Every line from the first record below down to the line that includes "過(guò)去一周領(lǐn" must be reproduced exactly; the pictures are not.

___ Data for this task ___

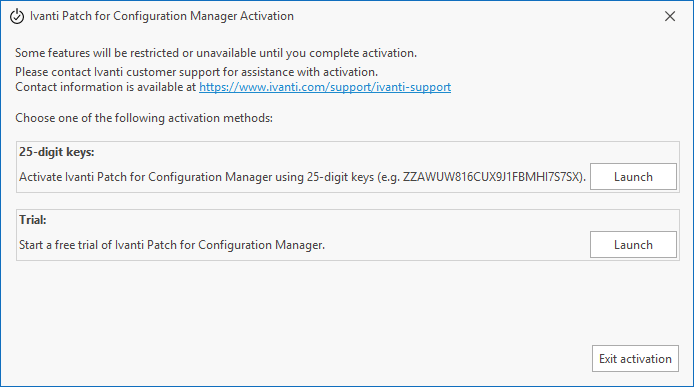 Hasta que no se active Patch for Configuration Manager, las acciones que podrá llevar a cabo estarán muy limitadas. Hay tres métodos de activación:Hay dos métodos de activación:
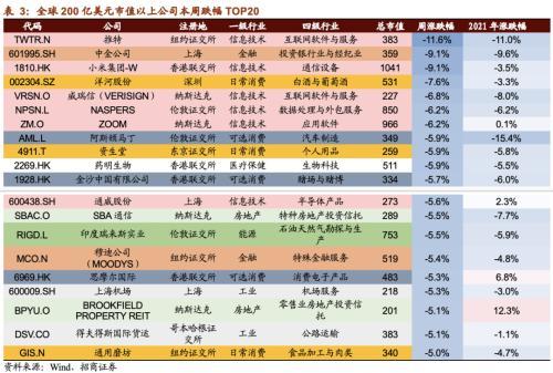 過(guò)去一周領(lǐng)跌的200億美元以上公司也主要集中在信息技術(shù)領(lǐng)域。多只熱門(mén)股票出現(xiàn)大幅度回調(diào),如Zoom、NASPERS、VERISIGN等。
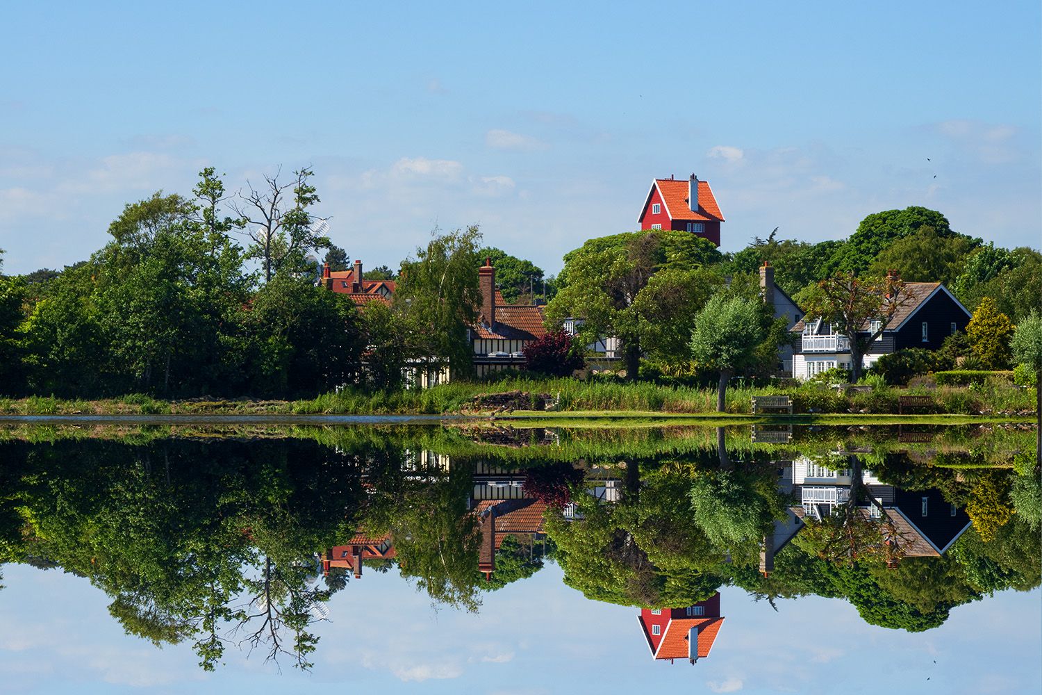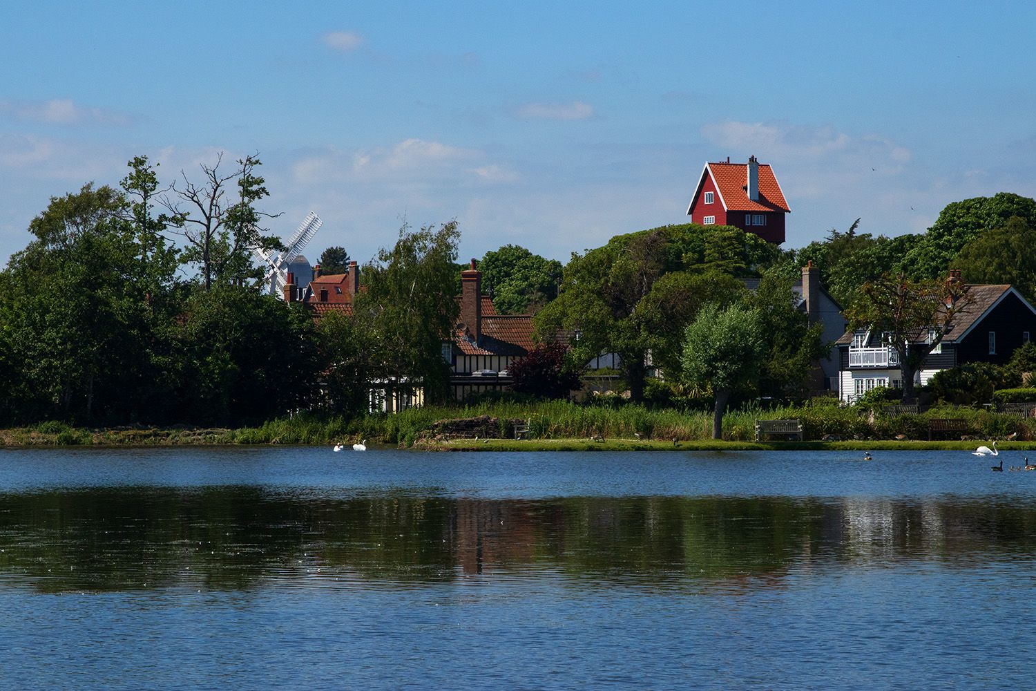 Thorpeness, a charming village on the Suffolk coast, is a unique blend of whimsy and history. Originally a small fishing hamlet, it was transformed in the early 20th century by Glencairn Stuart Ogilvie into a fantastical holiday village. The village is renowned for its picturesque Meare, an artificial boating lake inspired by J.M. Barrie's Peter Pan, complete with islands and hidden treasures. The iconic House in the Clouds, a former water tower turned quirky holiday home, and the charming windmill add to the village's fairy-tale ambiance. Thorpeness offers a delightful escape with its blend of natural beauty and architectural whimsy.
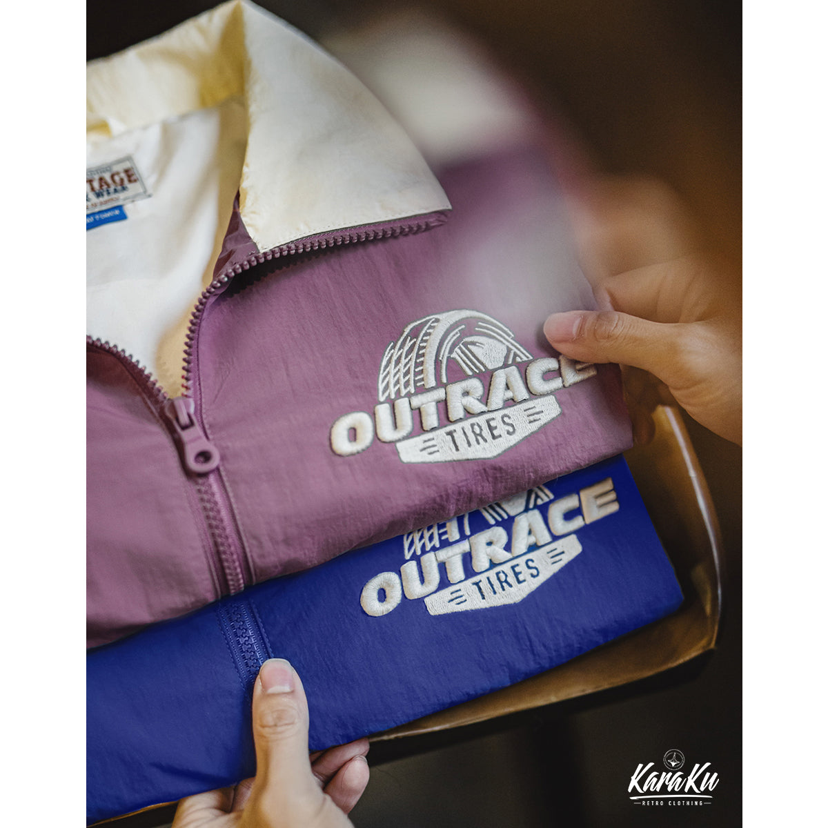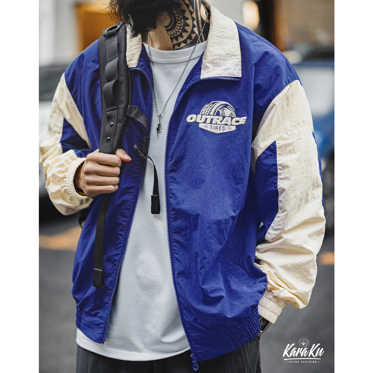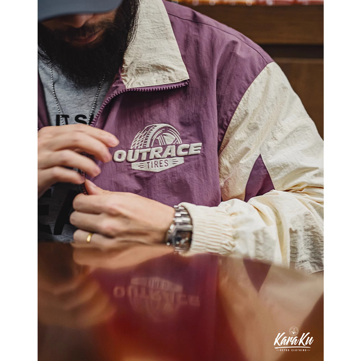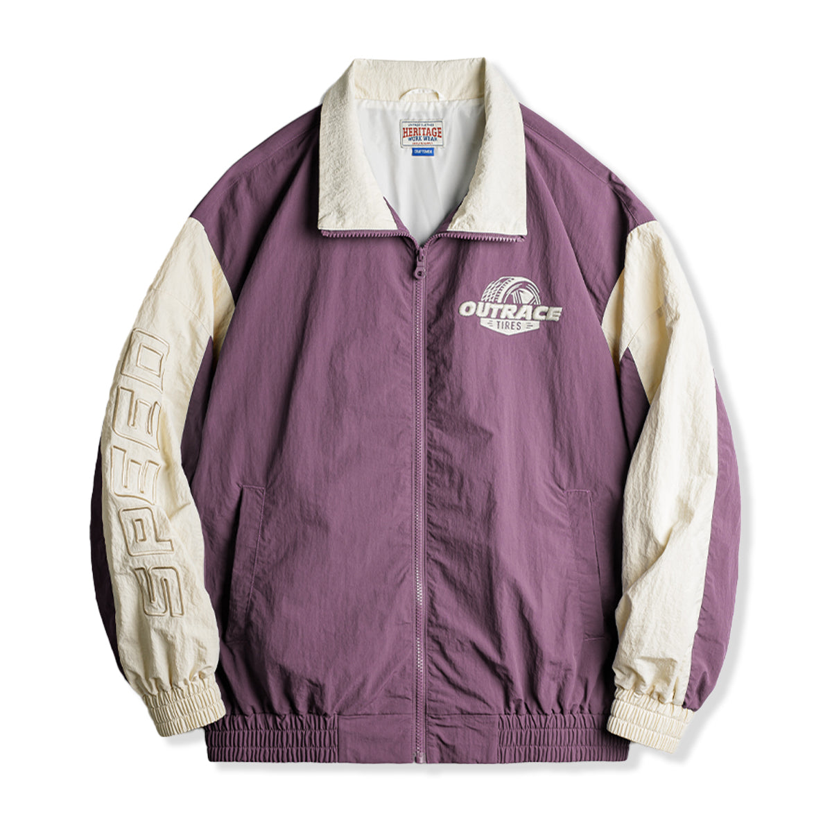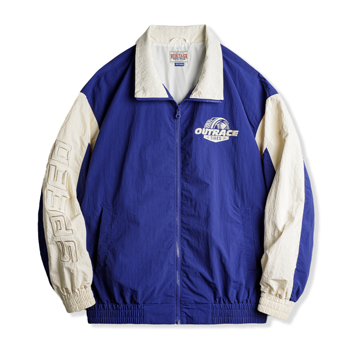 가슴에는 'OUTRACE TIRES' 자수가, 왼쪽 소매에는 'SPEED' 입체 자수가 더해져 레이싱 감성을 강조하며, 소매와 밑단에는 고무 처리를 적용해 방풍성을 고려했습니다.
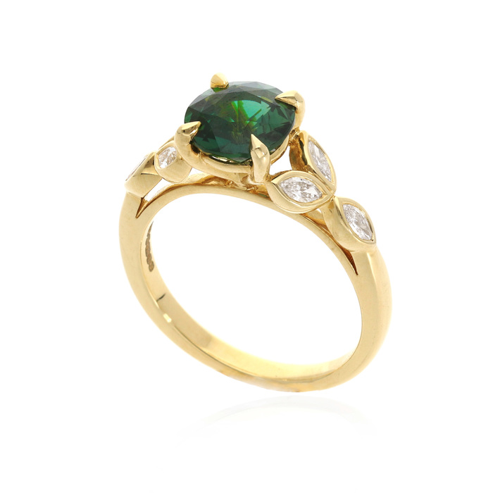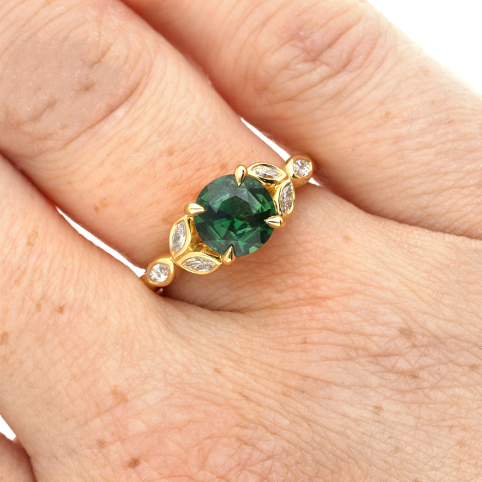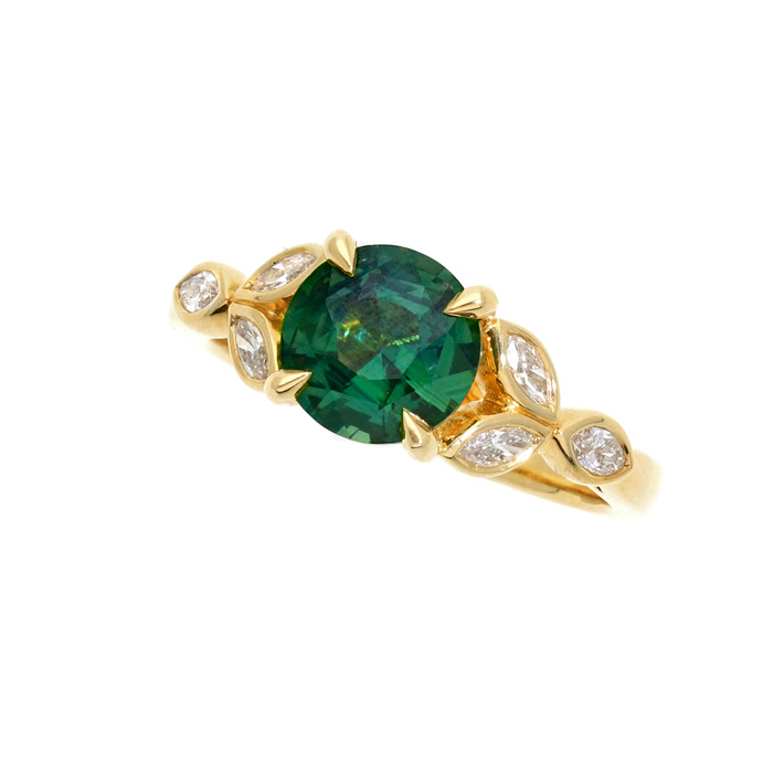 A round faceted 2.05ct fancy bluish green sapphire, 4 claw set with a trio of marquise cut diamonds rubover set to each shoulder. Combined diamond weight: 0.32cts. Wed-fit all 18ct yellow gold mount.

___

* Response for this exercise *
 Hasta que no se active Patch for Configuration Manager, las acciones que podrá llevar a cabo estarán muy limitadas. Hay tres métodos de activación:Hay dos métodos de activación:
 過(guò)去一周領(lǐng)跌的200億美元以上公司也主要集中在信息技術(shù)領(lǐng)域。多只熱門(mén)股票出現(xiàn)大幅度回調(diào),如Zoom、NASPERS、VERISIGN等。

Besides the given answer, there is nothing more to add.